Why investors should not touch airline shares
Is the Dragon going the way of the Dodo?
According to local media reports, Cathay Pacific Airways is planning to end the operation of Cathay Dragon and merge it with low-cost carrier Hong Kong Express, which it acquired last year. It will be called Cathay Express, the reports said.
The planned restructuring, which Cathay has not exactly denied, comes amid efforts by the airline industry to return to “business as usual” along with the rest of the global economy even while the coronavirus pandemic continues to rage in many parts of the world.
So why has Cathay decided to drop the Dragon, an enduring symbol of power and wealth in China?
Perhaps it has not been an auspicious brand for the regional airline, which focuses on short-haul flights to mainland cities and Japan.
The group adopted the Cathay Dragon brand in 2016, 10 years after it acquired Dragonair.
Following the rebranding, however, the group’s fortunes started to turn for the worse. It reported annual losses in 2016 and 2017, before returning to black in 2018 and 2019, despite the outbreak of social unrest in the latter part of last year.
But with COVID-19, which has cut international air traffic by up to 90 percent over the past few months, the Hong Kong-based airline is likely to report a huge loss this year.
Even without the pandemic, the airline business, one of the most highly regulated industries in the world, has been facing enormous challenges, one of the latest being the grounding of Boeing’s 737 MAX aircraft.
Tycoons from Virgin Group founder Richard Branson to stock guru Warren Buffett also got burned with their airline investments. Branson used to joke, “If you want to be a millionaire, start with a billion dollars and launch a new airline.”
Tycoons, of course, still have their private jets. But the business is no joke for many airline operators, which have suffered much despite the importance of aviation in the global economy.
Earlier this month, Buffett admitted to his fans that he was wrong – again – in investing in airlines.
“The airline business -- and I may be wrong and I hope I’m wrong -- but I think it’s changed in a very major way,” Buffett said. “The future is much less clear to me.”
So his Berkshire Hathaway sold all its shares in four major US airlines – Delta, Southwest, American Airlines and United Airlines – for about US$6 billion last month amid the pandemic. The combined stake was worth US$10 billion at the end of 2019.
Buffett is widely known as a genius in stock picking, but he got stuck with USAir in the late 1980s before he could cash out unscathed nine years later. He joked that he had become an “air-oholic” but still he returned to the airline industry in 2016.
Local tycoons are smarter. They enjoy traveling first class but they don’t invest in airlines. All the big property landlords, with the exception of Swire Group (which owns Cathay Pacific along with Air China), have little exposure to airlines – although Cheung Kong’s CK Asset Holdings and New World Development’s NWS Holdings are in the aircraft leasing business.
Airlines are a glamorous business, associated with charming stewardesses and exotic travels, things that people want to chat about with their friends. In my years in journalism, aviation stories have always flown high in terms of page views.
But the pandemic has only highlighted the troubles in the industry, which has seen load factors plunge to low, single-digit percentages amid the lockdowns and travel restrictions.
Even without the impact of COVID-19, airlines have to contend with labor and fuel costs, which make up most of its operating expenses. If trade unions, which usually threaten industrial action at the peak of the travel season, didn’t hurt airlines, high fuel costs would.
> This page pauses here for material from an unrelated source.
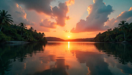 Tropical sunset over calm water with palm tree silhouettes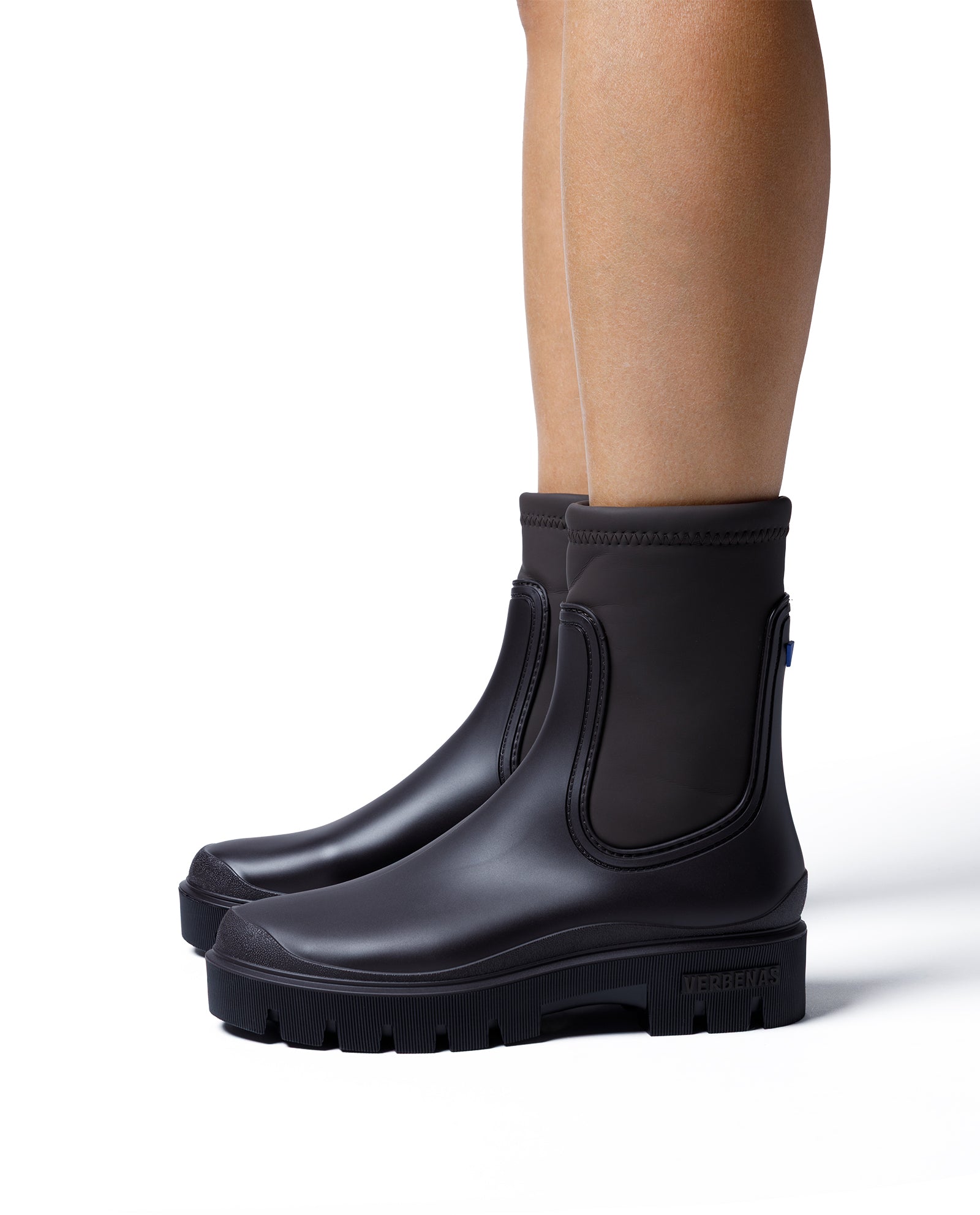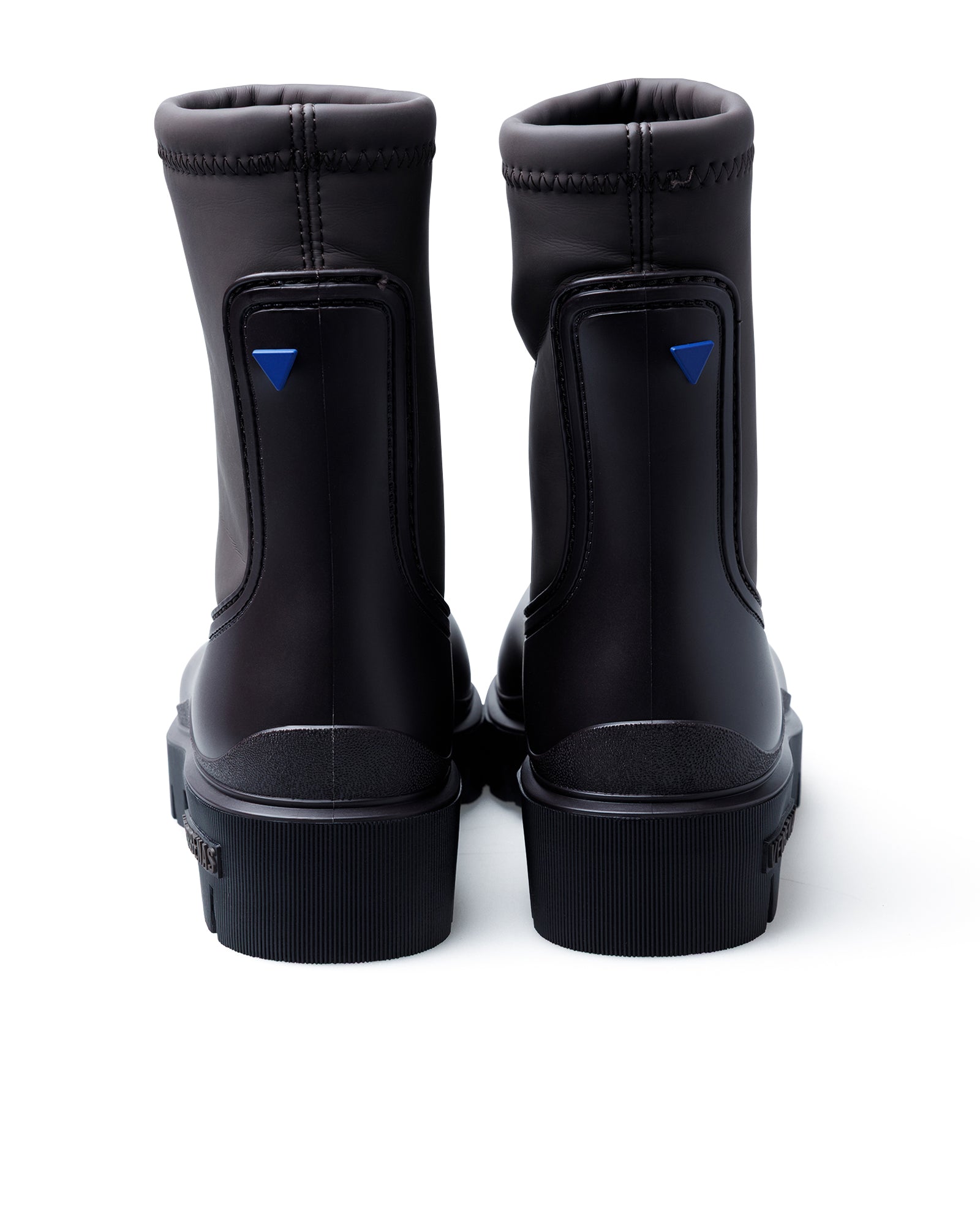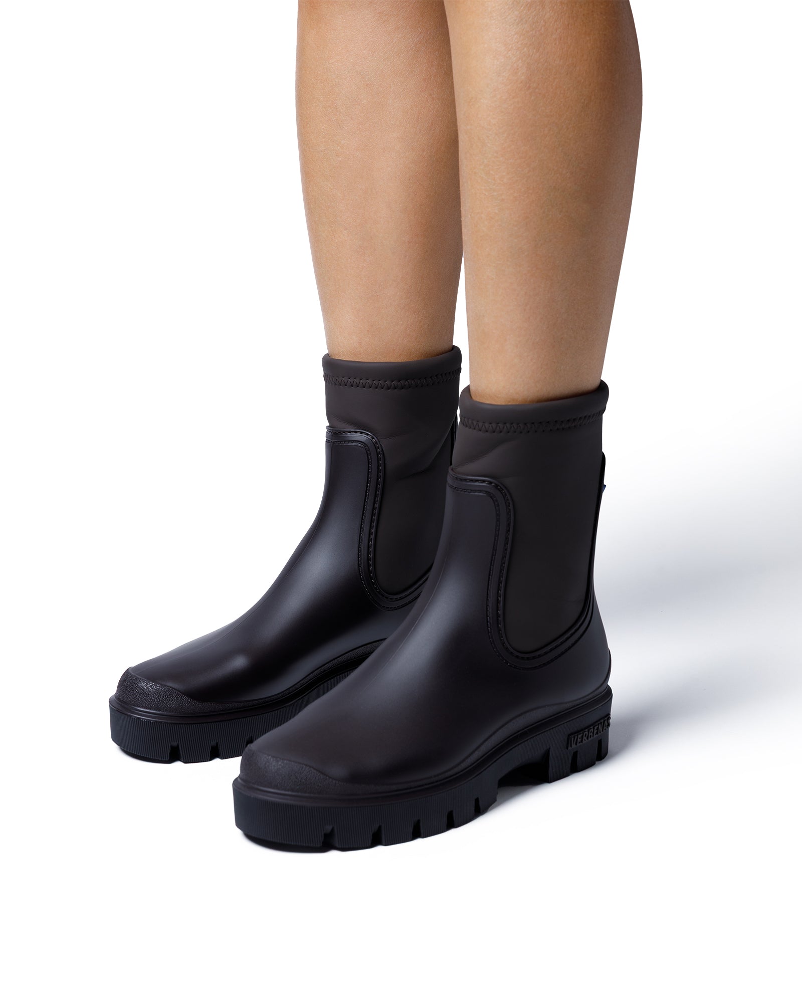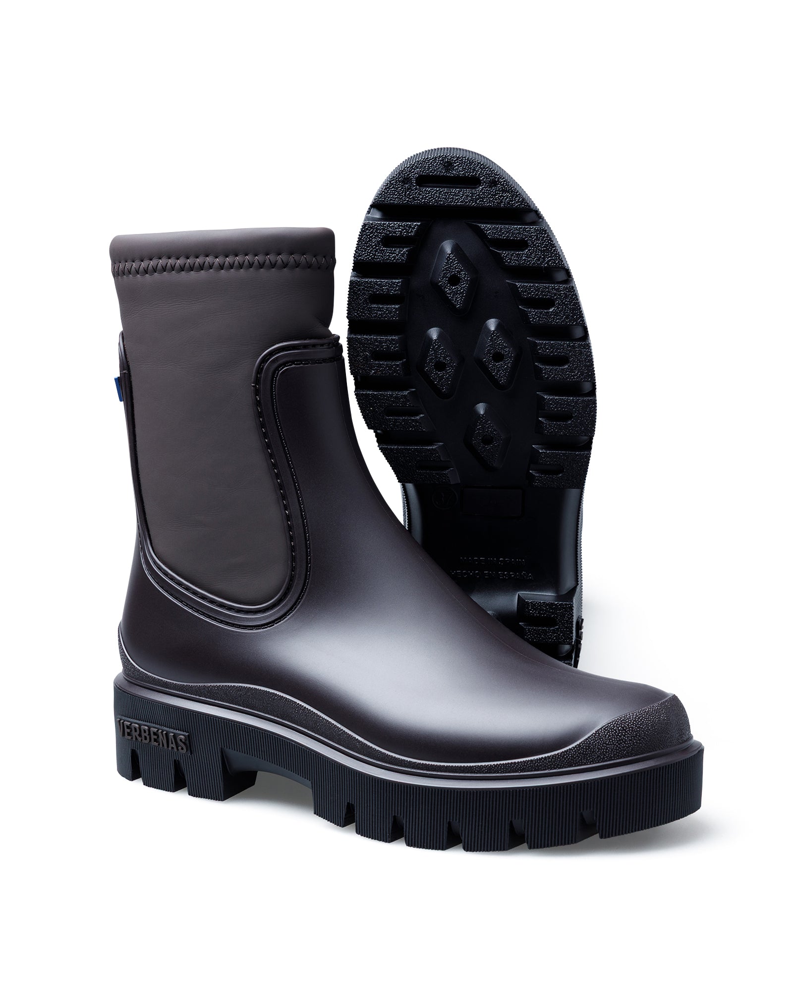 Muki Mate rain boots in Dark Brown. Made with synthetic upper, textile lining and sole and rubber sole. Boot height: 18 cm. The combination of a track sole and high-top bootie stands out. Muki is ideal for those looking for a versatile and modern style with the functionality of a technical boot.

That oil dropped to below zero last month didn’t provide much respite as most airlines remained grounded. Meanwhile, operators have to pay staff and maintain their parked aircraft.
Under such a dire environment, how could airlines survive?
Singapore Airlines, for one, had to turn to shareholders to raise US$10 billion via a rights issue in March when the share price dipped to a 22-year low.
On the bright side, the outbreak seems to be getting under control in China and other parts of the world, and people are looking forward to traveling again.
I remember that Cathay shares surged right after SARS was contained in the latter part of 2003.
But this time around, the return to normality may be a lot slower as nations continue to be wary of the resurgence of the outbreak in their communities once the borders are reopened.
And leisure travel may never be the same again after popular destinations such as France and Italy were hit hard by the pandemic. There’s also the fear that the virus may return in the winter.
All this should give investors pause before investing in aviation-related stocks again.
Buffett, still smart at 89, acknowledged his mistake and turned bearish on airlines. Perhaps this is not the time to be greedy when others are fearful.